Exercise description —
Once you reach the line with "Von österreichisch-ungarischen Husaren" in the material below, copy each line exactly up to and including the line with "Рисунок 1.2 –", and skip the pictures.
Top of Material shown
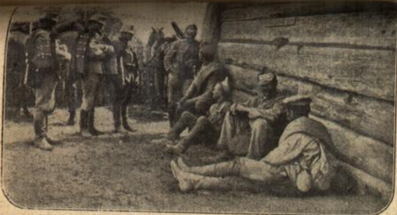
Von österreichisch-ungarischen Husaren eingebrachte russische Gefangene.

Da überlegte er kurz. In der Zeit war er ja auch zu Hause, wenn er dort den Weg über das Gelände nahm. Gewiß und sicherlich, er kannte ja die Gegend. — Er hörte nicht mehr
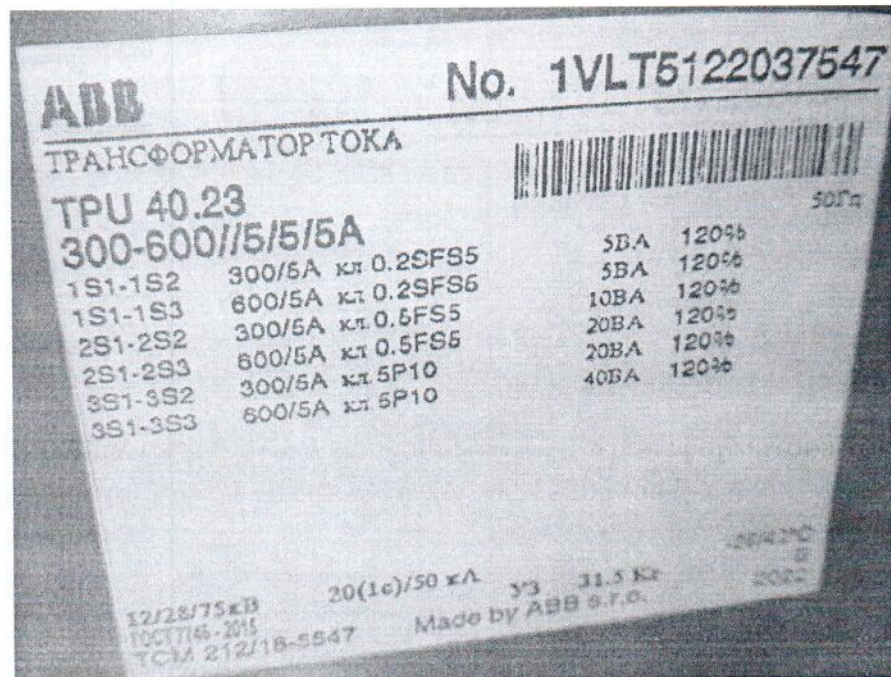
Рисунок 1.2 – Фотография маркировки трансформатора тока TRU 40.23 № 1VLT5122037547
Bottom of Material shown
Top of Material shown
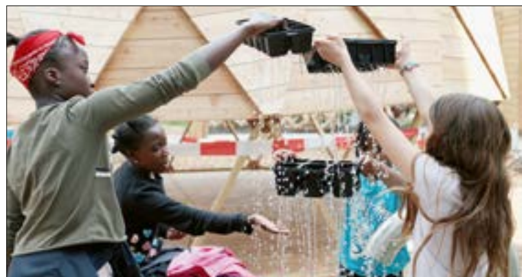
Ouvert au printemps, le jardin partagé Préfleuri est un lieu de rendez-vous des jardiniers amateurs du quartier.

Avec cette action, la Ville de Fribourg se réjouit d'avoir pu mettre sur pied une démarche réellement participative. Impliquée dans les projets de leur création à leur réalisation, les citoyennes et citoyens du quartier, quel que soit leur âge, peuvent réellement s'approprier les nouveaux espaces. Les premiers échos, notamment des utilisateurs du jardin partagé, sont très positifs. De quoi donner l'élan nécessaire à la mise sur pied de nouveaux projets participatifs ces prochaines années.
Bottom of Material shown
Reply to the task —
Von österreichisch-ungarischen Husaren eingebrachte russische Gefangene.

Da überlegte er kurz. In der Zeit war er ja auch zu Hause, wenn er dort den Weg über das Gelände nahm. Gewiß und sicherlich, er kannte ja die Gegend. — Er hörte nicht mehr
Рисунок 1.2 – Фотография маркировки трансформатора тока TRU 40.23 № 1VLT5122037547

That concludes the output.